╭─ Source records
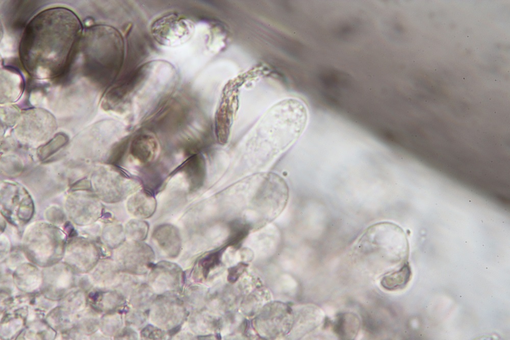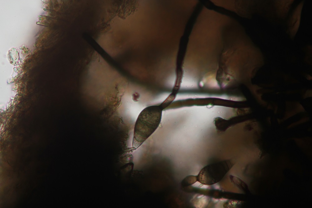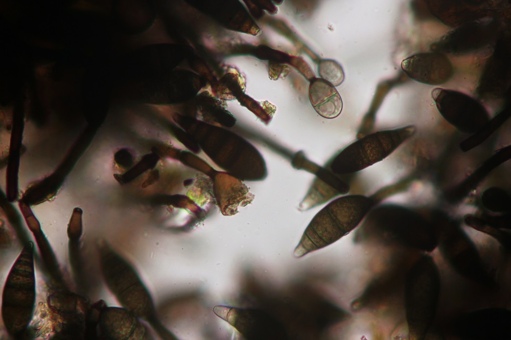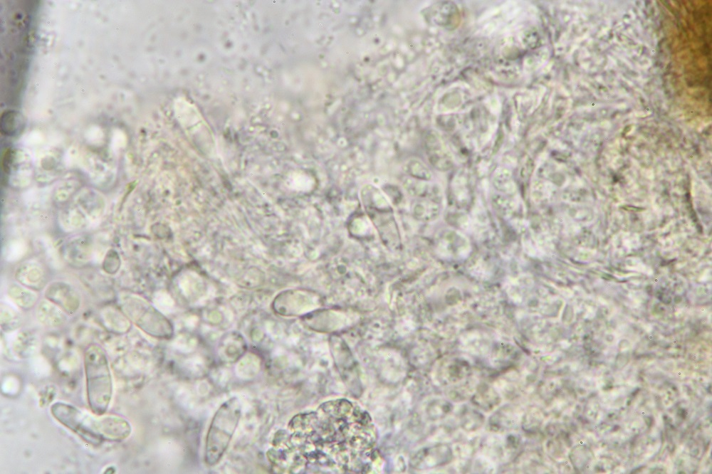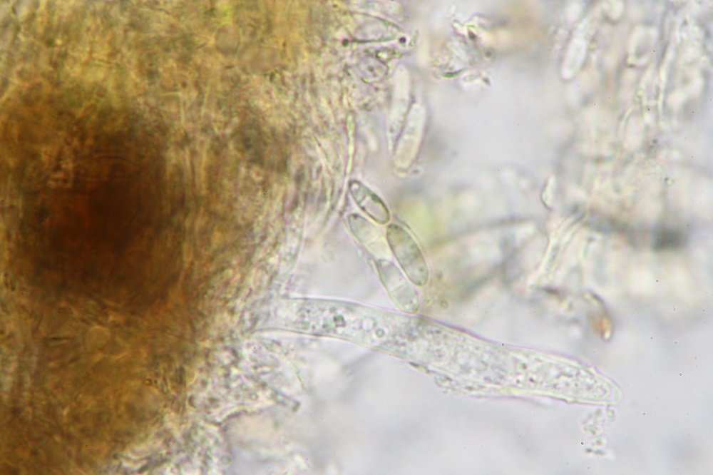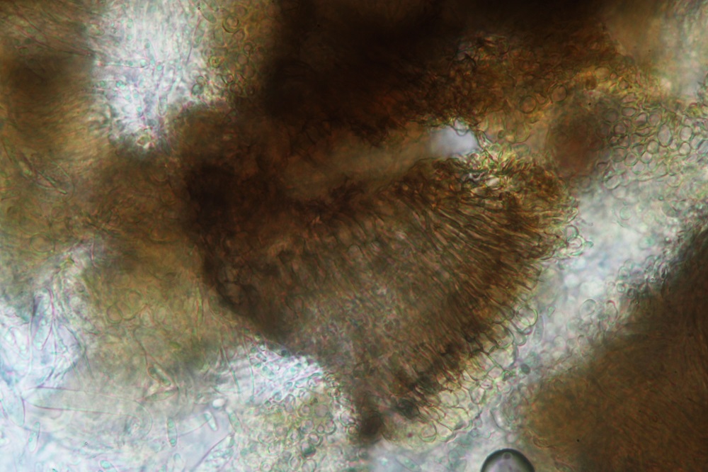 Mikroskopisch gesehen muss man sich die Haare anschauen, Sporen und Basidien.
╰─
╭─ Source records
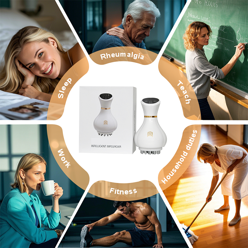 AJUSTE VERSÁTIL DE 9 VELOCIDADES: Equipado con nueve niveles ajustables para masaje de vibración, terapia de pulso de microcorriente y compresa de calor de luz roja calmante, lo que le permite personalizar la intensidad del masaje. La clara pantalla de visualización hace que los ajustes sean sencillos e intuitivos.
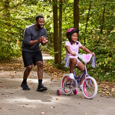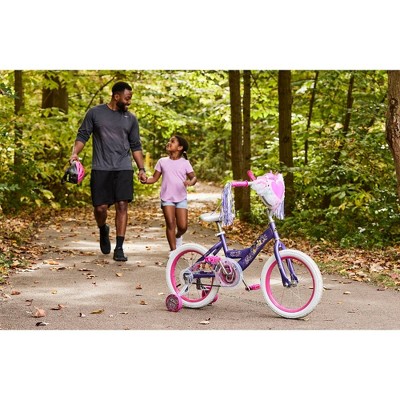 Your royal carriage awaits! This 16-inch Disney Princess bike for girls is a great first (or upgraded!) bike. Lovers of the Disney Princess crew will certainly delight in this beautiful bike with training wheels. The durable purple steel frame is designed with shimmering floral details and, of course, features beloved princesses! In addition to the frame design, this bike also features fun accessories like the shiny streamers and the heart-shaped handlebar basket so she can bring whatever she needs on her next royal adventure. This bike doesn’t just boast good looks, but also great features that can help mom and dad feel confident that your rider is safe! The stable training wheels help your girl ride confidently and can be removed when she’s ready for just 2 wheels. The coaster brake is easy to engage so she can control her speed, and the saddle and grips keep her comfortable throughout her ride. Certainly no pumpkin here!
╰─
▸ **Your objective**
Please repeat the lines of the material above exactly, starting with the line that contains "AJUSTE VERSÁTIL DE" and ending with the line that contains "Your royal carriage". Leave the pictures out.

▸ **Output for this task**
 AJUSTE VERSÁTIL DE 9 VELOCIDADES: Equipado con nueve niveles ajustables para masaje de vibración, terapia de pulso de microcorriente y compresa de calor de luz roja calmante, lo que le permite personalizar la intensidad del masaje. La clara pantalla de visualización hace que los ajustes sean sencillos e intuitivos.
 Your royal carriage awaits! This 16-inch Disney Princess bike for girls is a great first (or upgraded!) bike. Lovers of the Disney Princess crew will certainly delight in this beautiful bike with training wheels. The durable purple steel frame is designed with shimmering floral details and, of course, features beloved princesses! In addition to the frame design, this bike also features fun accessories like the shiny streamers and the heart-shaped handlebar basket so she can bring whatever she needs on her next royal adventure. This bike doesn’t just boast good looks, but also great features that can help mom and dad feel confident that your rider is safe! The stable training wheels help your girl ride confidently and can be removed when she’s ready for just 2 wheels. The coaster brake is easy to engage so she can control her speed, and the saddle and grips keep her comfortable throughout her ride. Certainly no pumpkin here!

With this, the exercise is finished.